The Economics of Manipulation and Deception

ebook
2 of 2 copies available
2 of 2 copies available

Why the free-market system encourages so much trickery even as it creates so much good
Ever since Adam Smith, the central teaching of economics has been that free markets provide us with material well-being, as if by an invisible hand. In Phishing for Phools, Nobel Prize–winning economists George Akerlof and Robert Shiller deliver a fundamental challenge to this insight, arguing that markets harm as well as help us. As long as there is profit to be made, sellers will systematically exploit our psychological weaknesses and our ignorance through manipulation and deception. Rather than being essentially benign and always creating the greater good, markets are inherently filled with tricks and traps and will "phish" us as "phools."

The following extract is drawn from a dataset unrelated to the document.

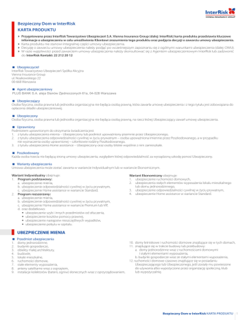 Bezpieczny Dom w InterRisk KARTA PRODUKTU Przygotowana przez InterRisk Towarzystwo Ubezpieczeń S.A. Vienna Insurance Group (dalej: InterRisk) karta produktu przedstawia kluczowe } informacje o ubezpieczeniu w celu umożliwienia Klientowi zrozumienia tego produktu oraz podjęcia decyzji o zawarciu umowy ubezpieczenia. } Karta produktu nie stanowi integralnej części umowy ubezpieczenia. } Decyzję o zawarciu umowy ubezpieczenia należy podjąć po wcześniejszym zapoznaniu się z ogólnymi warunkami ubezpieczenia (dalej: OWU). } W razie wątpliwości przed zawarciem umowy ubezpieczenia należy skonsultować się z Agentem ubezpieczeniowym InterRisk lub zadzwonić do InterRisk Kontakt: 22 212 20 12 < Ubezpieczyciel InterRisk Towarzystwo Ubezpieczeń Spółka Akcyjna Vienna Insurance Group ul. Noakowskiego 22 00-668 Warszawa < Agent ubezpieczeniowy PLUS BANK S.A. aleja Stanów Zjednoczonych 61a, 04-028 Warszawa < Ubezpieczający Osoba fizyczna, osoba prawna lub jednostka organizacyjna nie będąca osobą prawną, która zawarła umowę ubezpieczenia i z tego tytułu jest zobowiązana do opłacenia składki ubezpieczeniowej. < Ubezpieczony Osoba fizyczna, osoba prawna lub jednostka organizacyjna nie będąca osobą prawną, na rzecz której Ubezpieczający zawarł umowę ubezpieczenia. < Uprawniony Podmiotem uprawnionym do otrzymania świadczenia jest: 1. z tytułu ubezpieczenia mienia – Ubezpieczony lub podmiot upoważniony pisemnie przez Ubezpieczonego, 2. z tytułu ubezpieczenia odpowiedzialności cywilnej w życiu prywatnym – osoba upoważniona imiennie przez Poszkodowanego, a w przypadku nie wyznaczenia osoby uprawnionej – członkowie rodziny Poszkodowanego, 3. z tytułu ubezpieczenia Home assistance – Ubezpieczony oraz osoby bliskie wspólnie z nim zamieszkałe. < Poszkodowany Każda osoba trzecia nie będącą stroną umowy ubezpieczenia, względem której odpowiedzialność za wyrządzoną szkodę ponosi Ubezpieczony. < Warianty ubezpieczenia Umowa ubezpieczenia może zostać zawarta w wariancie Indywidualnym lub w wariancie Ekonomicznym. Wariant Indywidualny obejmuje: 1. Program podstawowy: a. ubezpieczenie mienia, b. ubezpieczenie odpowiedzialności cywilnej w życiu prywatnym, c. ubezpieczenie Home assistance w wariancie Standard; 2. Program rozszerzony: a. ubezpieczenie mienia, b. ubezpieczenie odpowiedzialności cywilnej w życiu prywatnym, c. ubezpieczenie Home assistance w wariancie Premium lub VIP, d. oraz dodatkowo: • ubezpieczenie szyb i innych przedmiotów od stłuczenia, • ubezpieczenie kosztów pomocy prawnej, • ubezpieczenie następstw nieszczęśliwych wypadków, • ubezpieczenie pobytu w szpitalu. Wariant Ekonomiczny obejmuje: 1. ubezpieczenie ruchomości domowych, 2. ubezpieczenia stałych elementów wyposażenia lokalu mieszkalnego lub domu jednorodzinnego, 3. ubezpieczenie odpowiedzialności cywilnej w życiu prywatnym, 4. ubezpieczenie Home assistance w wariancie Standard. UBEZPIECZENIE MIENIA < Przedmiot ubezpieczenia 1. domy jednorodzinne, 2. budynki gospodarcze, 3. obiekty małej architektury, 4. budowle, 5. lokale mieszkalne, 6. ruchomości domowe, 7. stałe elementy wyposażenia, 8. anteny satelitarne wraz z osprzętem, 9. instalacje kolektorów (baterii, ogniw) słonecznych wraz z oprzyrządowaniem, 10. domy letniskowe i ruchomości domowe znajdujące się w tych domach, 11. znajdujące się w trakcie budowy lub przebudowy: a. domy jednorodzinne wraz z ruchomościami domowymi i stałymi elementami wyposażenia, b. budynki gospodarcze wraz ze stałymi elementami wyposażenia, 12. ruchomości domowe czasowo znajdujące się w posiadaniu Ubezpieczającego lub Ubezpieczonego, jeśli zostały mu powierzone do używania albo wypożyczone przez organizację społeczną, klub lub wypożyczalnię. Bezpieczny Dom w InterRisk KARTA PRODUKTU 1 < Zakres ubezpieczenia Zgodnie z Tabelą nr 1 Tabela nr 1 Ruchomości domowe i stałe elementy wyposażenia w domach jednorodzinnych w budowie lub przebudowie Domy jednorodzinne i budynki gospodarcze w budowie lub przebudowie Domy letniskowe i ruchomości domowe znajdujące się w tych domach Anteny satelitarne wraz z osprzętem oraz kolektory słoneczne wraz z oprzyrządowaniem Ruchomości domowe Stałe elementy wyposażenia nie ubezpieczone w ramach domu jednorodzinnego, budynku gospodarczego lub lokalu mieszkalnego Budynek gospodarczy wraz ze stałymi elementami wyposażenia, Obiekty małej architektury, Budowle Lokal mieszkalny wraz ze stałymi elementami wyposażenia ZAKRES UBEZPIECZENIA Dom jednorodzinny wraz ze stałymi elementami wyposażenia PRZEDMIOT UBEZPIECZENIA Pożar Uderzenie pioruna Wybuch Upadek statku powietrznego Huragan Grad Lawina Deszcz nawalny Zapadanie lub osunięcie się ziemi Napór śniegu lub lodu Dym i sadza Opad atmosferyczny Zalania Trzęsienie ziemi Uderzenie pojazdu Huk ponaddźwiękowy Upadek drzew i masztów Akty terroru Skażenie lub zanieczyszczenie ubezpieczonego mienia Powódź Wandalizm Przepięcia Kradzież z włamaniem i rabunek za opłatą dodatkowej składki Ochroną ubezpieczeniową objęte są również ruchomości domowe podczas transportu – od szkód powstałych wskutek: 1. pożaru, uderzenia pioruna, wybuchu, huraganu, powodzi, deszczu nawalnego, gradu, opadu atmosferycznego, lawiny, osunięcia się ziemi, upadku statku powietrznego na środek transportu, 2. wypadku jakiemu uległ środek transportu, 3. rabunku – pod warunkiem, że przewóz wykonywany jest odpłatnie przez przewoźnika. < Suma ubezpieczenia Sumę ubezpieczenia ustala Ubezpieczający i zostaje potwierdzona w polisie. Suma ubezpieczenia mienia stanowi górną granicę odpowiedzialności InterRisk za wszystkie zdarzenia zaistniałe w okresie ubezpieczenia. Szczegółowy sposób ustalania sumy ubezpieczenia określają OWU. 2 Bezpieczny Dom w InterRisk KARTA PRODUKTU < Limity odpowiedzialności W ramach określonych w polisie sum ubezpieczenia, górną granicę odpowiedzialności InterRisk za szkod

Phishing for Phools therefore strikes a radically new direction in economics, based on the intuitive idea that markets both give and take away. Akerlof and Shiller bring this idea to life through dozens of stories that show how phishing affects everyone, in almost every walk of life. We spend our money up to the limit, and then worry about how to pay the next month's bills. The financial system soars, then crashes. We are attracted, more than we know, by advertising. Our political system is distorted by money. We pay too much for gym memberships, cars, houses, and credit cards. Drug companies ingeniously market pharmaceuticals that do us little good, and sometimes are downright dangerous.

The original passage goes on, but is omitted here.